With the UK due to end transitional arrangements with the EU on 31st December 2020, many businesses are well underway with their preparations, whilst others remain unsure of how they will be affected by Brexit and what steps (if any) they should be taking to plan for it.
Unfortunately, as we draw closer to the end of the transition period, with no sign of a mutually agreeable trade deal between the UK and the EU, it is looking increasingly likely that all UK businesses will feel the impact of Brexit in some way, even those who do not trade internationally. These are the 5 key areas where we believe that impact will be felt the hardest.
If there is no trade deal agreed by the time the transition period ends on 31st December 2020, the UK will automatically drop out of the single market and the customs union. The single market refers to the EU as one territory without any regulatory obstacles, meaning that all EU countries share the same rules on product standards and access to goods and services, whereas the customs union is an agreement between EU countries not to charge taxes on each other's goods.
If the UK was to lose access to both of these arrangements, we would automatically revert to World Trade Organisation (WTO) trading terms and would see an immediate change to the way that tariffs (taxes) are imposed and customs checks conducted, which could cause significant delays and make UK goods more expensive and harder to sell in the EU.

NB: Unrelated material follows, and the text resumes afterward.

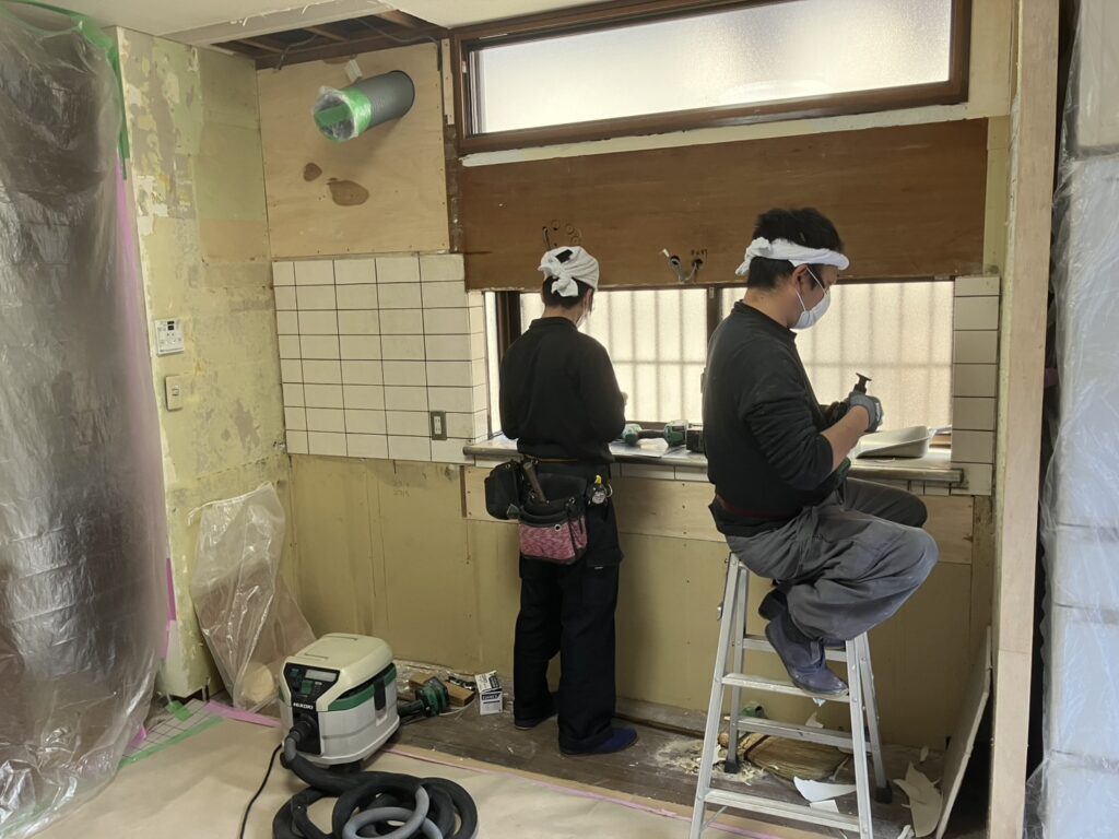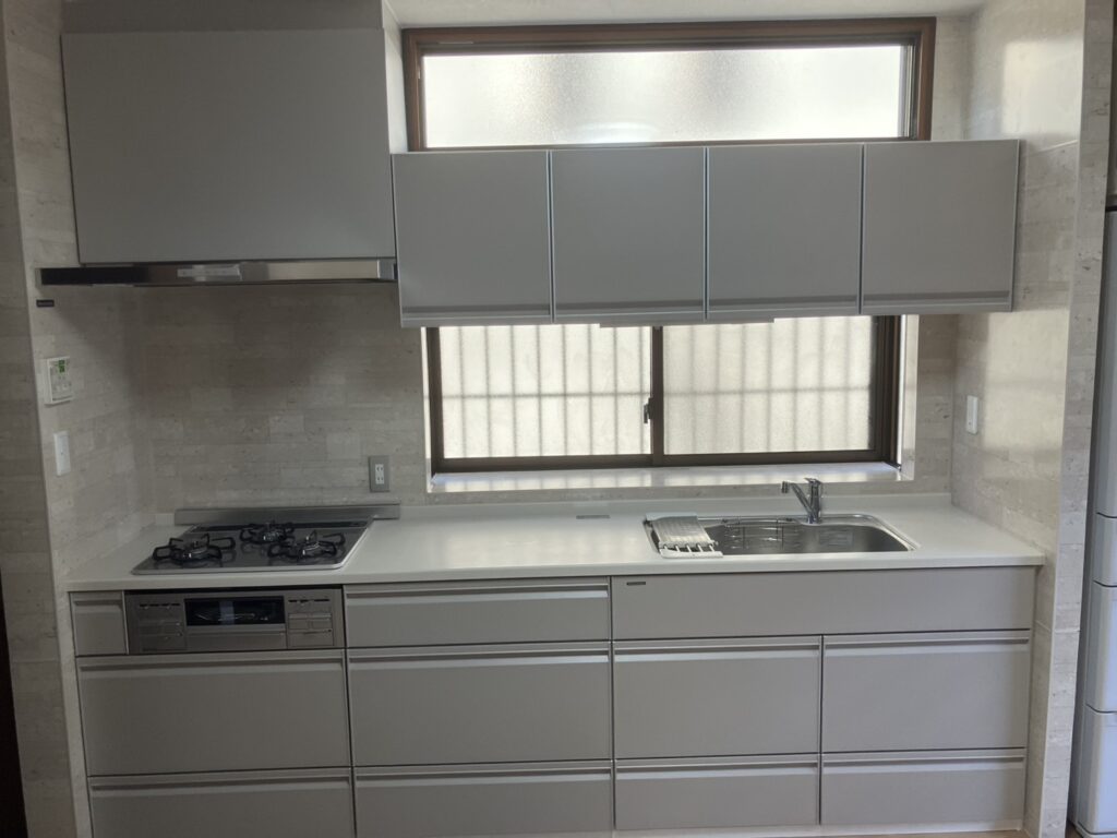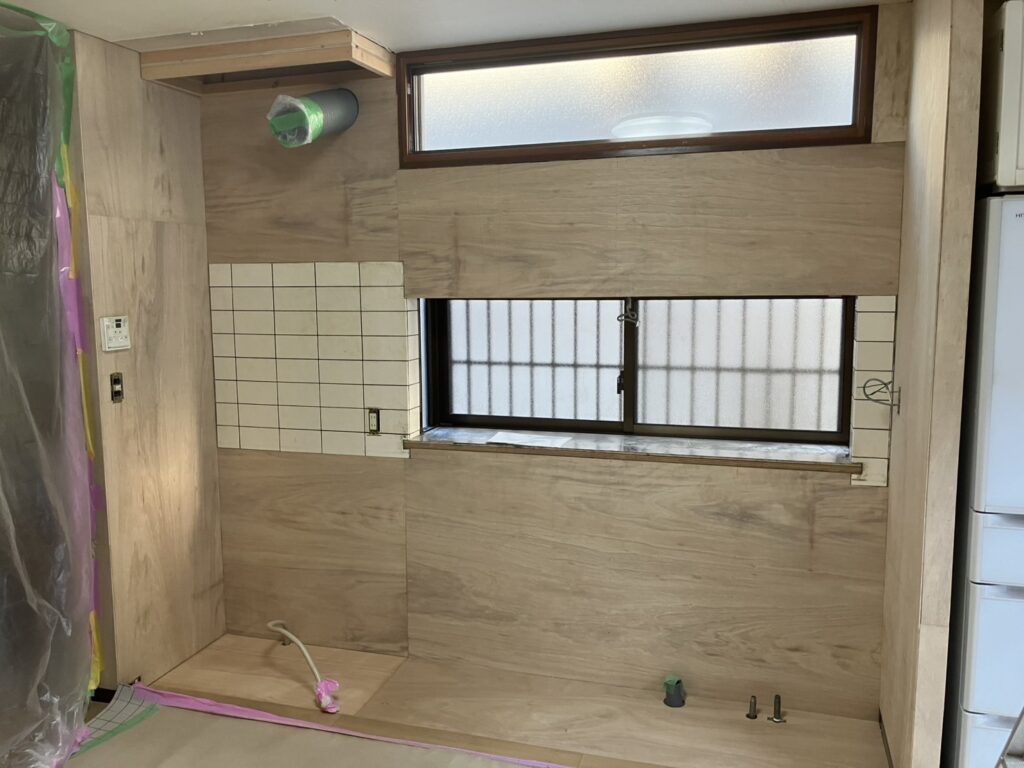 今回は、キッチン交換とクロス貼り替え(穴補修リペアプレートあり)とコンセント類の交換と和室工事(漆喰塗壁/襖張替/ガラスフィルム貼り他)を行いました。

Whilst there is nothing any of us can do to prevent such changes being implemented, all businesses should be taking the time to make sure they fully understand how the WTO trading terms would affect their business in the event of a “no deal” Brexit.
Even if your business is based in the UK, your customers and suppliers (and their customers and suppliers) may not be. A car repair business, for example, which serves only UK customers might rely on replacement parts that are manufactured outside of the UK. Even items which are manufactured outside of the EU might be centrally warehoused in the EU before being dispatched to the UK.
It would be prudent therefore for all businesses – even those who believe their connections with the EU to be minimal – to keep close contact with their supply chain and to ensure that measures are in place to ensure continuity of service in the months ahead. It might even be wise to reach out to your EU suppliers and offer reassurance yourself that you intend to continue your working relationship after the end of this year. The importance of maintaining strong working relationships at times of great uncertainty cannot be overstated.
In some cases, you may need to look into the possibility of moving to a new local supplier to avoid possible delays or additional tariffs going forward or at least take the time to build these factors into your existing plans and procedures.
As with the issue of supply chains, many businesses would be forgiven for assuming that, with a customer base that is predominantly based within the UK, this aspect of their business will be largely unaffected by Brexit. But it is important to remember that the economic impact of Brexit will be far-reaching – particularly if it is not possible for the government to agree a trade deal with the EU in the time remaining – and this could have a dramatic effect on the behaviour of UK consumers, at least in the short term.
You might choose to see this as an opportunity to explore emerging markets like China, India and South Africa to see whether there is a demand for your products and services there. This could be the perfect time to try and expand your customer base outside of the EU.
If you operate a business which: employs EU citizens; requires a steady stream of skilled EU workers; relies on staff being able to travel between EU countries as part of their role; or which utilises any specialist service which has a base in the EU, the impact of Brexit on your business could be significant.
The focus for such businesses will be on retaining their staff and preparing to meet any future legal requirements regarding their continuing right to work in the UK. In some cases, businesses may need to rethink their recruitment and skills strategies all together
We have already discussed some of the key issues associated with trade – including the potential for increased tariffs and customs delays – which will directly affect many UK businesses in the event of a “no deal” Brexit.
For many larger businesses, which export goods and services across the world and are less reliant on trade with EU countries, trade and exports may not be high on the list of concerns, especially if the government succeeds in negotiating the numerous bilateral trade relationships with non-EU countries as promised. However, for smaller businesses, which tend to export their goods and services a bit closer to home, retaining a strong trading relationship with the EU will be critical to their survival. In all cases, careful forethought and planning will help to lessen the impact on your business.
Although we have focussed here on areas which are likely to have a detrimental impact on many businesses, there will of course be some UK businesses which remain largely unaffected by the changes ahead, and others who positively thrive. For instance, UK manufacturers could suddenly find themselves in high demand by other UK businesses who are struggling to rely on imports from the EU, whilst other businesses might find that the change in exchange rates which would likely occur in the event of a “no deal” Brexit actually work in their favour.
Whether you are feeling hopeful for the future and excited by the potential opportunities ahead or concerned about what a “no deal” Brexit could mean for your business, please do take the time to carefully consider these 5 key areas and be sure to have your plans in place for whatever 2021 throws our way.